Lauren Hoke, a student at Kutztown University, was enthusiastic about school and determined to maintain her 4.0 GPA as she went into student teaching. Her dream was to graduate with at least a 3.5 GPA and teach 1st grade. Her brother Kyle, 18, of East Stroudsburg described his sister as easy going and “an all around fun person to be around.”

On Feb. 17 Lauren had just washed her car and was on her way home when she lost control. Investigators suspect that her tire blew out, causing her to swerve off the highway. When she tried to get back onto the road, she turned too sharply which cause the car to flip. She then rolled to the other side of the road where she was hit by an oncoming car.

Lauren’s car was totaled, but that damage was minimal compared to the trauma caused to her. She fractured her pelvis in seven places, her spine in two places. She also had a brain hemorrhage, punctured her spleen causing internal bleeding, and suffered from a collapsed lung.

For five days after the accident, Lauren was in the Critical Care Unit, where she was awaiting to hear if she would need any surgery. Lauren said this part was the worst, because she couldn’t eat or drink anything until doctors knew what was going to be done.

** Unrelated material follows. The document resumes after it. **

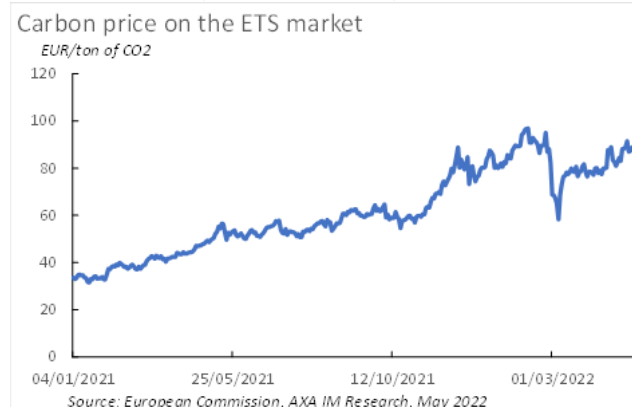
Exhibit 2 – Moving back from the right threshold

In a joint Op Ed with Bertrand Badré in Project Syndicate a few weeks ago we made the point that while the imperative of taking on board energy security concerns could justify some short-term drift in carbon emissions – e.g., because Liquefied Natural Gas emits more GreenHouse Gas (GHG) per calorie than ordinary natural gas – any strategy to wean the EU off Russian energy had to preserve the long-term imperative to get to “net zero in 2050”. In clear, the short-term drift would have to be offset by less emissions than initially expected in the medium term. Releasing unused emission permits would send the wrong signal, because lower carbon price today affects carbon emissions tomorrow. Corporates and financial institutions need a clear price signal to be able to accurately allocate capital towards decarbonization. An instrument to reduce its volatility – more signal, less noise – as the MSR will help, and it may become at times necessary to stop carbon pricing to overshoot the equilibrium level consistent with net zero by 2050. A too high price of carbon could end up being so immediately crippling for energy companies that their financial capacity to invest in the transition could be curtailed. But creating the impression that emission permits would be seen by public authorities more as a source of funding than as a way to create the right incentives for cleaner production could distort this price signal.

For days after the accident, she was only allowed to dip a sponge in water if her mouth was dry until they knew if surgery was necessary. “I would just cry for water,” Lauren said. “I had to wait days [for news].”

Another torture Lauren had to face while in CCU was a neck brace she had to wear. “I don’t think I slept a night until it was off,” Lauren said about what she referred to as “the worst thing ever invented.”

Lauren was then moved to a transitional trauma room for an additional five days. At this point in her hospital stay, x-rays and CT scans were administered daily, but she could not move on her own because of her injured spine and pelvis. In order to move her, a board was placed under her and health care providers had pick her up to move her from stretcher to stretcher.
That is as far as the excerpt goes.